## ABOUT THIS TASK:
Using the records below, copy exactly the part that opens with the line holding "Simple, yet delicious" and closes with the line holding "昨天,加州圣塔莫尼卡,阿湯嫂", minus the pictures.

## SUPPLIED RECORDS:
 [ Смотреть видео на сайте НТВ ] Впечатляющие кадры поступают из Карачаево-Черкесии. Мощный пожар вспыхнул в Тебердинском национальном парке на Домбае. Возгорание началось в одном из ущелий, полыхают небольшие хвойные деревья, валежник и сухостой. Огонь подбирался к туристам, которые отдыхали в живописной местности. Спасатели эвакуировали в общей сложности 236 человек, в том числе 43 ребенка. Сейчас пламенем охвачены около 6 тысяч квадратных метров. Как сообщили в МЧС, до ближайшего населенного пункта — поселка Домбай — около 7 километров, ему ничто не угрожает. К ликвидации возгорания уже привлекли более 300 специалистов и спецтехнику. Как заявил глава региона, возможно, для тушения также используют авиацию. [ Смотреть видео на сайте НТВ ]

...

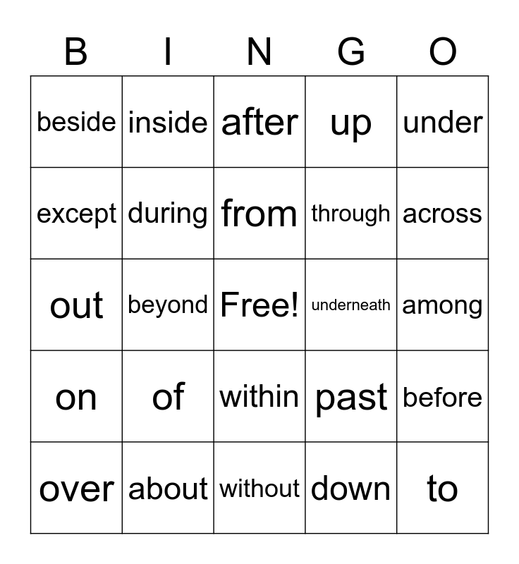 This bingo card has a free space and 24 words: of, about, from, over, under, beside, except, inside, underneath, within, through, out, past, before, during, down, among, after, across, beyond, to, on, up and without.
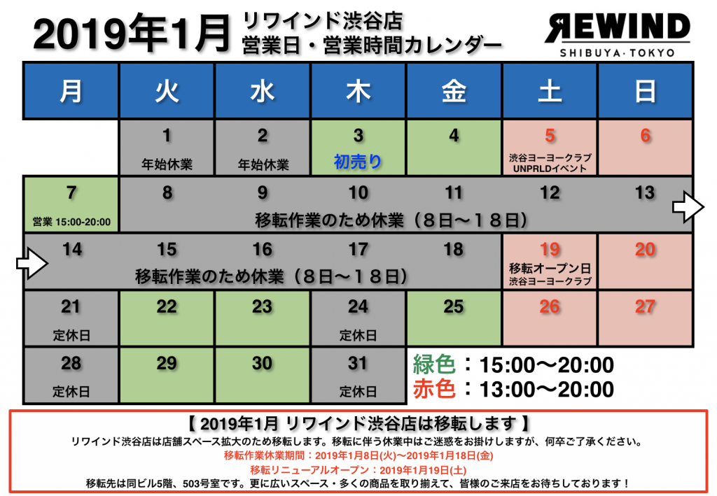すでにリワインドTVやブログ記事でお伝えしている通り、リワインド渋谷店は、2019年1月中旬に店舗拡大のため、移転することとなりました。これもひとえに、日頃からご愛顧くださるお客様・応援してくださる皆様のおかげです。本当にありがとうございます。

...

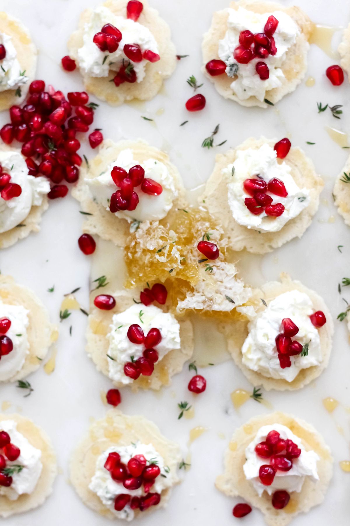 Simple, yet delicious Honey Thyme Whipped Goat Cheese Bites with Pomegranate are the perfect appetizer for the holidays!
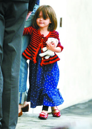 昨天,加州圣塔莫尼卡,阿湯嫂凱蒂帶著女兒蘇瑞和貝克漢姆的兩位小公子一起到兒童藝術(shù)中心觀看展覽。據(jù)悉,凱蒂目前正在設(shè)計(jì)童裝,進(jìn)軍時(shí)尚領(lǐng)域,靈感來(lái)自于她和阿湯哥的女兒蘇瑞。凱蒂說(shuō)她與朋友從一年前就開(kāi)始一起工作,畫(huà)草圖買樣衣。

## WRITTEN REPLY:
 Simple, yet delicious Honey Thyme Whipped Goat Cheese Bites with Pomegranate are the perfect appetizer for the holidays!
 昨天,加州圣塔莫尼卡,阿湯嫂凱蒂帶著女兒蘇瑞和貝克漢姆的兩位小公子一起到兒童藝術(shù)中心觀看展覽。據(jù)悉,凱蒂目前正在設(shè)計(jì)童裝,進(jìn)軍時(shí)尚領(lǐng)域,靈感來(lái)自于她和阿湯哥的女兒蘇瑞。凱蒂說(shuō)她與朋友從一年前就開(kāi)始一起工作,畫(huà)草圖買樣衣。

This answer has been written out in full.